Key words: Echinodermata, Ophiuroidea, Sinosura, Pliensbachian, Sierra Chacaicó Formation, Neuquén Basin, Argentina.

Débora M. Campetella [dmcampetella@unrn.edu.ar; ORCID: https://orcid.org/0000-0002-0763-3420 ], Universidad Nacional de Río Negro, Estados Unidos 750, (R8332EXZ) General Roca, Río Negro, Argentina.

Evangelina E. Palópolo [eepalopolo@unrn.edu.ar; ORCID: https://orcid.org/0000-0002-1272-5637 ], Maximiliano N. Rodriguez [mnrodriguez@unrn.edu.ar; ORCID: https://orcid.org/0000-0003-0286-0111 ], Noelia B. Carmona [ncarmona@unrn.edu.ar; ORCID: https://orcid.org/0000-0003-0923-3719 ], and Silvio Casadío [scasadio@unrn.edu.ar; ORCID: https://orcid.org/0000-0002-8130-641X ], Universidad Nacional de Río Negro, General Roca, Río Negro, Argentina; Instituto de Investigación en Paleobiología y Geología, Río Negro, Argentina; Consejo Nacional de Investigaciones científicas y Tecnológicas (CONICET), Av. Roca 1242, (R8332EXZ) General Roca, Río Negro, Argentina.

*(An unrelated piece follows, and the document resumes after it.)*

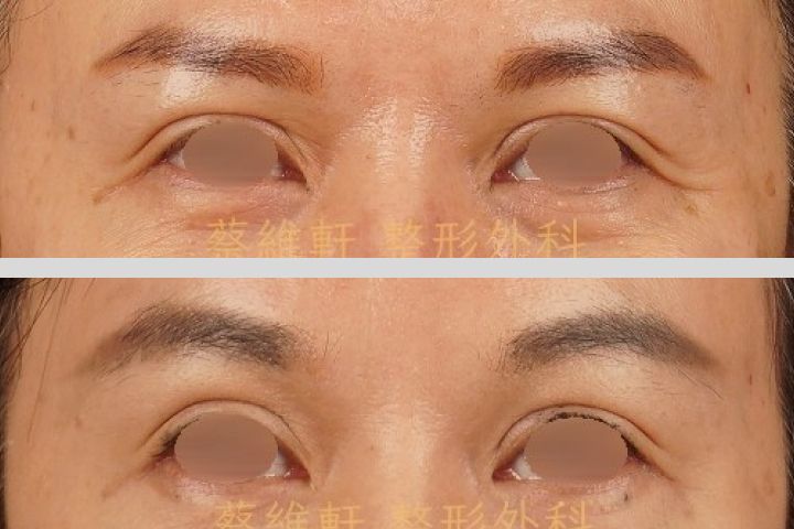 沿著眉下緣將過多眼組織移除,再用可吸收骨釘將眉毛上提固定,改善眉毛下垂、眉壓眼等困擾。

Ben Thuy [ben.thuy@mnhn.lu; ORCID: https://orcid.org/0000-0001-8231-9565 ], Department of Paleontology, Research & Collections, Natural History Museum Luxembourg. 25, rue Münster, L-2160 Luxembourg.

Juan J. Ponce [jponce@unrn.edu.ar; ORCID: https://orcid.org/ 0000-0003-4148-5668 ], Servicio Geológico Minero Argentino (SEGEMAR), Centro General Roca, Río Negro, Argentina.

Received 12 October 2022, accepted 15 December 2022, available online 8 February 2023.

Introduction

Preservation potential of articulated echinoderms depends on their body plan, the nature of their multi-elemental skeleton, the coelomic cavity extension and the strength of ossicle articulations (Ausich et al. 2001; Brusca and Brusca 2003). Additionally, environmental parameters (such as salinity, oxygenation, sediment supply, presence of scavengers, etc.), and taphonomic processes (e.g., disarticulation, transport, fragmentation and bioerosion, among others) contribute to complete disintegration of specimens within hours to days (Brett et al. 1997; Nebelsick 2004).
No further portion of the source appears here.